-- Data shown follows --
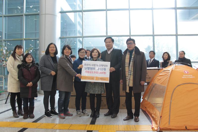 한편 오산시 사랑의 난방텐트 추진위원회는 2015년 12월 조직되어 연료비 부족으로 마음껏 난방을 하지 못하고 추운 겨울을 보내는 이웃들을 위해 실내용 난방텐트를 후원 및 설치해 주고 있으며, 전달 받은 난방텐트는 오산시 지역아동센터와 주거환경이 열악한 저소득 가정에 전달될 예정이다.
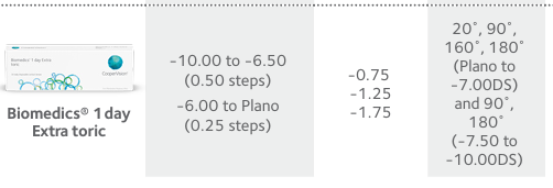Axis: 20,90,160,180 (for power-0.00~-7.00) Axis: 90,180 (for power-7.50~-10.00) |
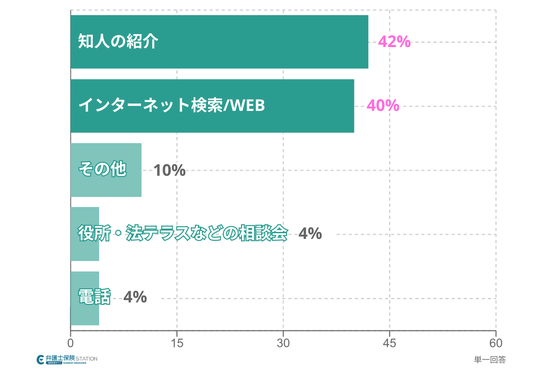 「知人の紹介」が約42%、「インターネット検索/WEB」が約40%で上位。「その他」「役所・法テラス」「電話」などが少数を占めた。
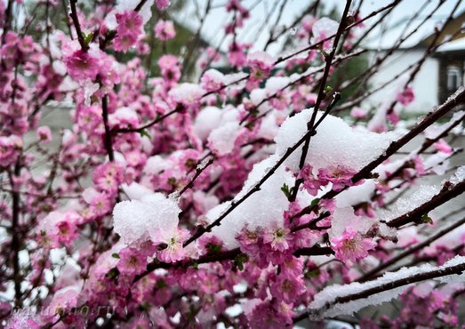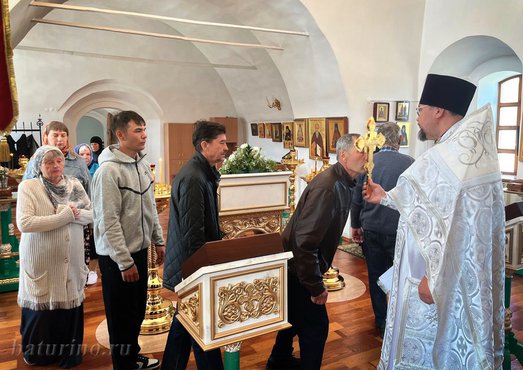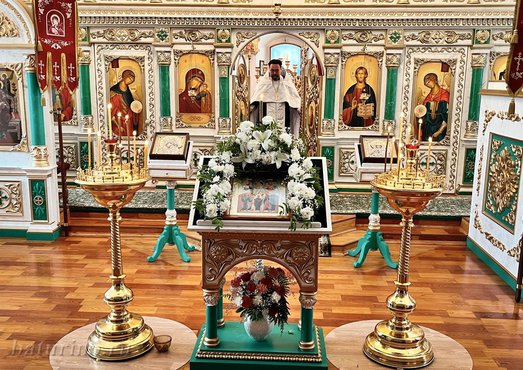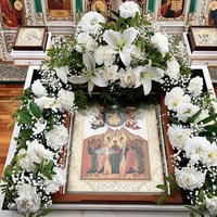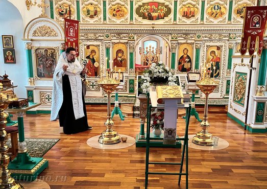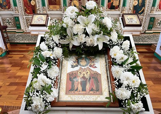 Икона праздника на центральном аналое украшена белыми цветами и облачения в этот день положены белоснежные. Так и природа тоже по-своему встретила Господский праздник: перед всенощным бдением пошел снег и растаял после Божественной Литургии. Распустившиеся цветы, трава, зеленая листва и ели укрылись белым торжественным покровом!
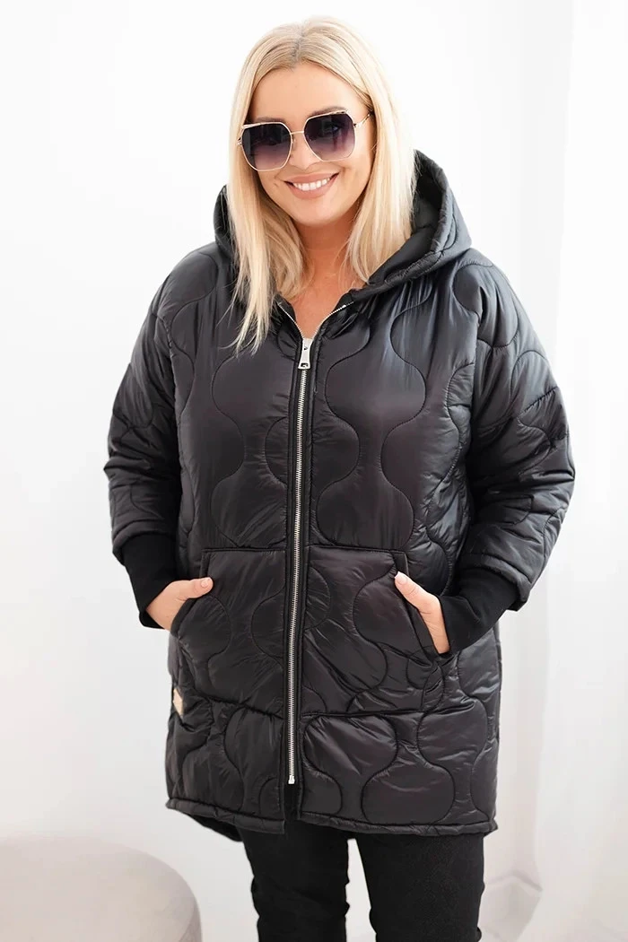 Dámská zimní bunda Plus Size prošívaná s kapucí černá
-- Data shown concluded --
_Your task_. Leaving the pictures out, output the material exactly as it appears.

_Exercise result_.
 한편 오산시 사랑의 난방텐트 추진위원회는 2015년 12월 조직되어 연료비 부족으로 마음껏 난방을 하지 못하고 추운 겨울을 보내는 이웃들을 위해 실내용 난방텐트를 후원 및 설치해 주고 있으며, 전달 받은 난방텐트는 오산시 지역아동센터와 주거환경이 열악한 저소득 가정에 전달될 예정이다.
Axis: 20,90,160,180 (for power-0.00~-7.00) Axis: 90,180 (for power-7.50~-10.00) |
 「知人の紹介」が約42%、「インターネット検索/WEB」が約40%で上位。「その他」「役所・法テラス」「電話」などが少数を占めた。
 Икона праздника на центральном аналое украшена белыми цветами и облачения в этот день положены белоснежные. Так и природа тоже по-своему встретила Господский праздник: перед всенощным бдением пошел снег и растаял после Божественной Литургии. Распустившиеся цветы, трава, зеленая листва и ели укрылись белым торжественным покровом!
 Dámská zimní bunda Plus Size prošívaná s kapucí černá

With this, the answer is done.